AUTHOR: Fazley Rabby Patwary
MENTOR: Md. Motiur Rahman
SUPERVISOR: Dr. Debasish Sarker
PROGRAM: Bachelor of Science in Mechanical Engineering
DEPARTMENT: Department of Mechanical Engineering
INSTITUTION: International University of Business Agriculture and Technology
SUBMISSION: Spring, 2025
KEY WORDS: UAV propeller, Blade optimization, Computational fluid dunamics (CFD), Genetic algorithm (GA), Aeroacoustic Noise Reduction
ABSTRACT: Unmanned Aerial Vehicles (UAVs) are increasingly used in applications such as surveillance, delivery, and agricultural monitoring, where propeller-generated noise and limited energy efficiency remain critical challenges. This study presents an integrated optimization framework for UAV propeller design aimed at reducing aerodynamic noise while improving performance and energy efficiency. A Genetic Algorithm (GA) is employed to optimize key geometric parameters, particularly chord length and blade-tip features, using Blade Element Momentum Theory (BEMT) for rapid performance evaluation. High-fidelity Computational Fluid Dynamics (CFD) simulations in ANSYS Fluent are used to analyze flow structures, vortex formation, and aerodynamic behavior, while the Ffowcs-Williams/Hawkings (FW-H) acoustic model predicts noise characteristics. To validate the numerical results, baseline and optimized propellers were fabricated using 3D printing and experimentally tested for thrust, torque, power consumption, and acoustic emissions. Results indicate a 4–5% improvement in thrust-to-torque ratio for the optimized design, enabling equivalent thrust generation with reduced power usage. Additionally, tonal noise at the Blade Passing Frequency (BPF) is reduced by approximately 1.5–2 dB. These findings demonstrate that targeted geometric modifications can significantly enhance UAV propeller efficiency and noise performance, contributing to extended flight times and improved suitability for noise-sensitive environments.
CAD Model
Baseline 8045 Propeller
Modified GA Propeller
Flow Field Analysis Using CFD
Tip Vortices Study Using CFD
Aeroacoustic Noise Comperison Using FW-H Acoustic Model
Experimental Setup
Conclusion
This study focused on optimizing UAV propeller design to improve aerodynamic efficiency using a combination of Genetic Algorithm (GA)-based optimization, Computational Fluid Dynamics (CFD) simulations, and experimental validation. The research successfully demonstrated that targeted modifications to propeller geometry, particularly at the tip, can achieve significant
improvements in aerodynamic performance. Key findings include:
The GA-optimized propeller achieved a 4.02% to 4.70% improvement in aerodynamic efficiency compared to the baseline design, primarily due to reduced torque requirements. This translates to lower power consumption and extended flight endurance for UAVs.

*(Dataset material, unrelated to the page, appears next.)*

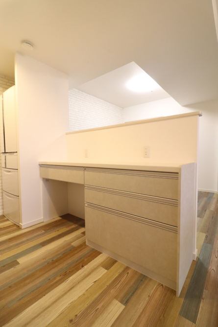 キッチンとカップボード間が少し広く使いづらいことや奥にある洋室も上手く使えていないという悩みがありました。

The tip modification also had the secondary benefit of reducing tonal noise at the Blade Passing Frequency (BPF), with lower Sound Pressure Levels (SPL) observed across all tested RPMs (3000, 4000, and 5000 RPM). This was achieved by weakening the tip vortex strength, a major source of tonal noise.

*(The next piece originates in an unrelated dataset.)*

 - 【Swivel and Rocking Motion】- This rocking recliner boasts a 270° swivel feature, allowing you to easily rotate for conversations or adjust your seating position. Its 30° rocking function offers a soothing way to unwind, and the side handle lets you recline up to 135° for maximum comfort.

The experimental results closely matched the CFD simulation predictions, validating the accuracy of the computational models and the effectiveness of the GA-based optimization approach. This consistency between simulation and experimentation underscores the reliability of the proposed design methodology.
The optimized propeller design offers a balanced solution for UAV applications, combining improved aerodynamic efficiency with secondary noise reduction benefits. This makes it particularly suitable for missions where energy efficiency is critical, such as long-endurance surveillance, delivery operations, and military applications.